In a study, “Global LNG: Now, Never, Or Later?” CERI examined forecasts for Asia-Pacific gas demand and global supply and found that most of the major liquefaction projects intended to serve the market would come online after 2015 and that supplies would surpass demand around 2020; however, after this demand would continue to rise, making room for more supply.

“Asian demand is expected to meet supply, and thus there is room for North American suppliers in an Asian market if the U.S. does not proceed with all planned projects,” the study said. “Rapid LNG growth in Australia has driven up construction costs, and it may make sense for North American companies to develop LNG projects in a staggered manner post-2020.”

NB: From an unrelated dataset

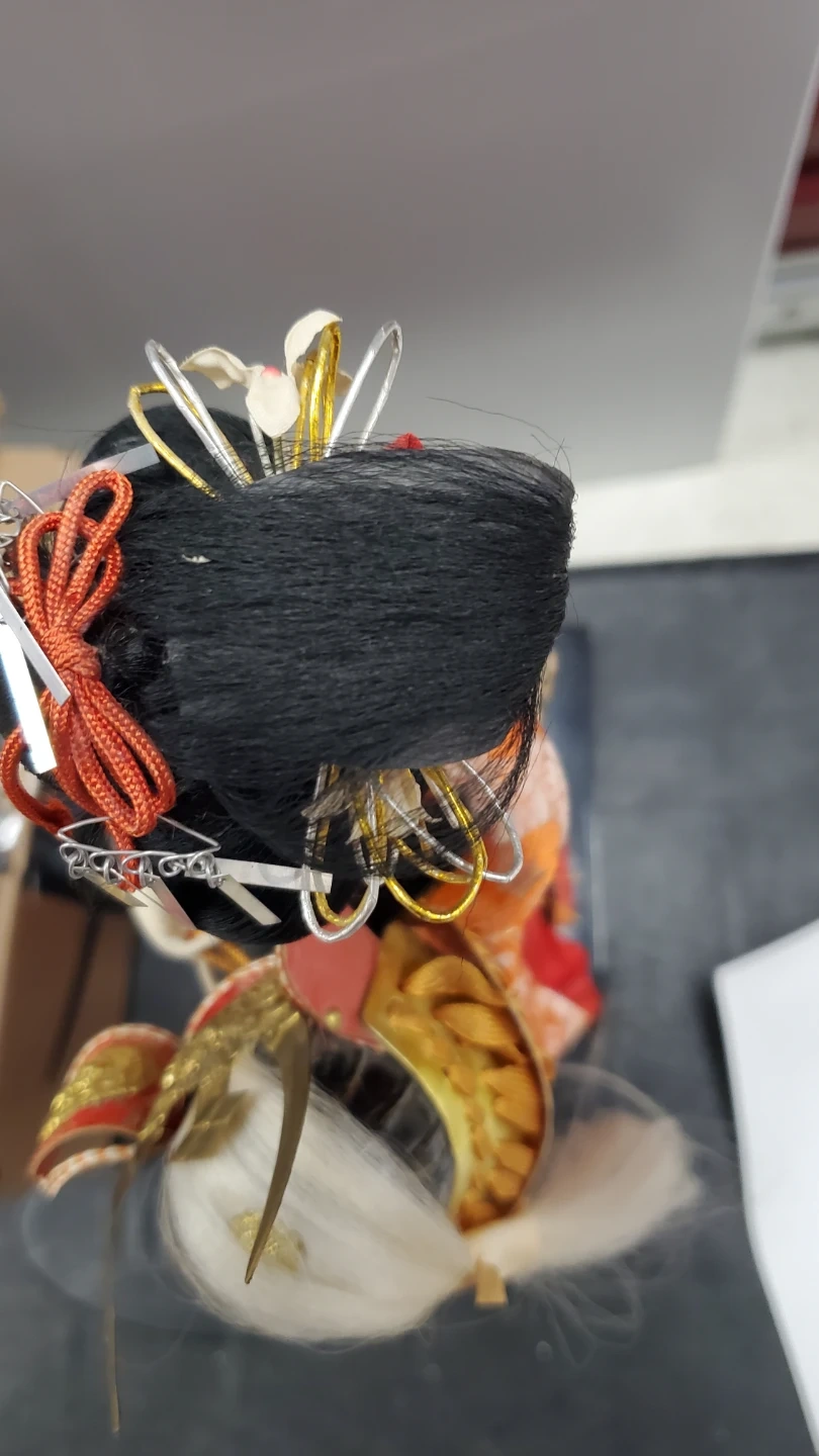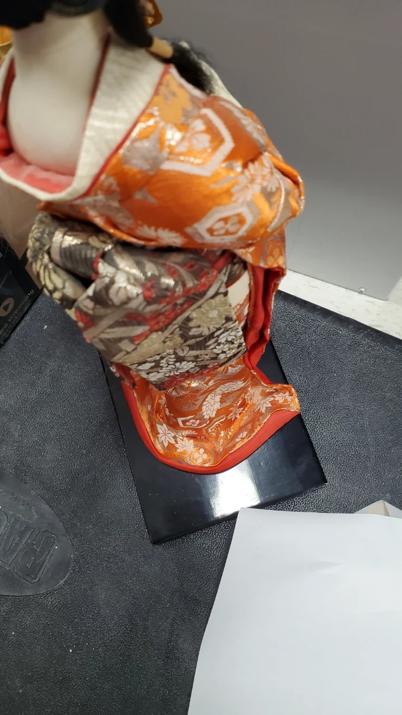 This is a vintage Japanese geisha doll from Japan during the Korean War era.

On the market side, regions where demand growth is expected to be the most robust — China and India — do not offer prices as high as those available in South Korea and Japan, the study said. “Cost overruns in Australia [LNG projects] denote that newer conventional gas projects must access island LNG importing countries to obtain reasonable rates of return,” the study said. However, “Canada and the United states are competitive for both island and mainland Asian countries.”

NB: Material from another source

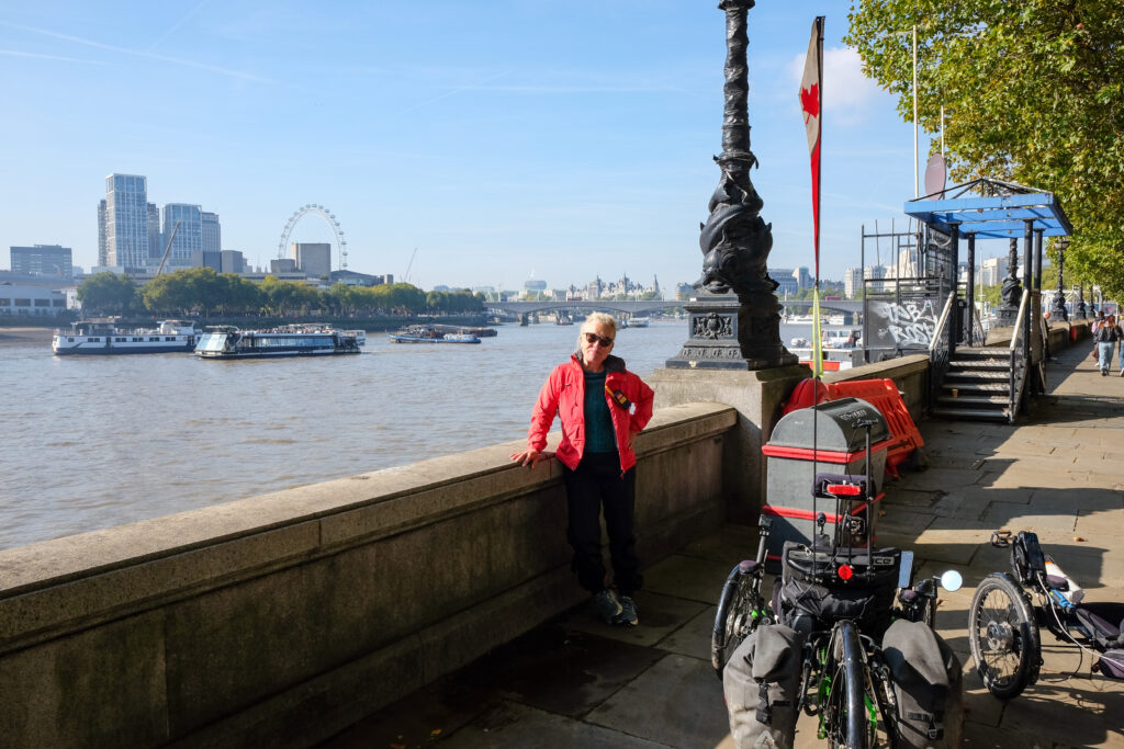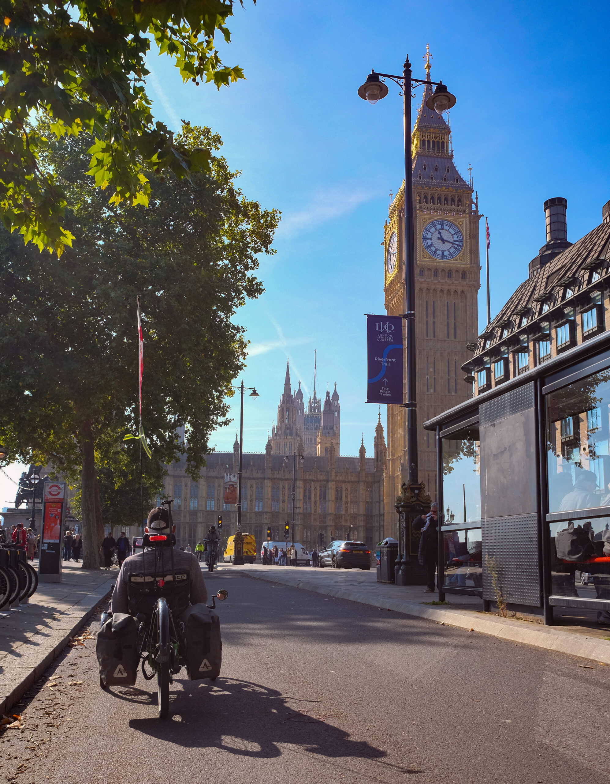 We were very excited about our route for Monday September 29th: 46 kilometres right through the centre of London, past Westminster and Buck House and Primrose Hill, and on to Finchley in North London where we had reserved a locker to store the bikes in until Spring 2026 when we return to cycle to – possibly – Edinburgh.

The study also noted an erosion of the custom of linking LNG contracts to oil prices. “Most famously is [Cheniere Energy’s] Sabine Pass [LNG] with their Henry Hub-linked formula. This could set a precedent that means North American companies are not taking advantage of the oil-linked premiums as continental gas prices are depressed. This will have implications on future gas pricing and return on investments for producers.”

While global price convergence is not anticipated, a growing spot market may continue to drive contracting alternatives due to increased supply flexibility, the study said, adding that the emerging spot market is a threat to projects that require long-term oil-linked contracts to be profitable.

“Asia is expected to generate substantial natural gas demand and while some demand may be met by pipeline infrastructure there will still be a requirement for substantial LNG imports. As contracts come up for renewal, there is an opportunity for an expanding spot market but there are many reasons that buyers may wish to remain in long-term contracts.”